Second, should the authority be provided in the association’s governing documents to tow, the association must follow the provisions of Section 715.07 of the Florida Statutes.  Section 715.07(2) provides as follows:

[t]he owner or lessee of real property, or any person authorized by the owner or lessee, which person may be the designated representative of the condominium association … may cause any vehicle or vessel parked on such property without her or his permission to be removed by a person regularly engaged in the business of towing vehicles or vessels, without liability for the costs of removal, under … [certain specified] … circumstances[.]

The statute defines a vehicle as anything that is mobile and has wheels (whether motorized or not) and a vessel as anything capable of being used as transportation on water. Also, the “owner or lessee of real property, or any person authorized by the owner or lessee” refers to the entity that owns or controls the property on which the vehicle or vessel is located. An association interested in towing should seek legal counsel to determine its ability to tow vehicles depending upon the location of said vehicle (for example, common property versus private property).

Section 715.07 requires that the association be in “strict compliance” with the notice and signage requirements as set forth in the statute.  Put simply, it is not enough to cite to a passed amendment to the declaration or approved rule which would purport to allow towing – the association must provide notice pursuant to Chapter 715, which for example lists the minimum size of the font and actual size of the sign on Association property.  Finally, an association should be aware that Section 715.07 may be supplemented with county or municipal ordinances which may require additional compliance. It is very important for the community association to be aware of the statutory requirements, because an improper towing may lead to civil liability (including payment of prevailing party attorney’s fees and court costs) for the association and possible criminal liability for the towing company.
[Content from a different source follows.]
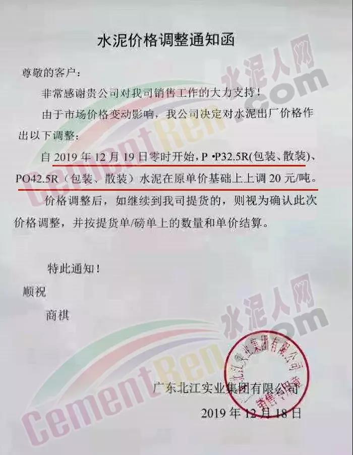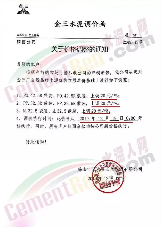 廣東區(qū)域,佛山金三水泥通知,根據(jù)當前的市場行情結(jié)合公司的產(chǎn)銷形勢,決定自今日(19日)0時起對金三廠全線品牌水泥在原單價基礎(chǔ)上上調(diào)20元/噸。

In addition to towing, other options are available to community associations that wish to remedy parking issues within the community. Associations may fine and/or proceed with appropriate legal relief, subject to any mandatory pre-suit alternative dispute resolution requirements.  Finally, community associations may attempt to enter into agreements with local law enforcement to enforce generally-applicable laws on community property. The association is strongly urged to contact counsel to discuss contemplated enforcement procedures in response to parking violations.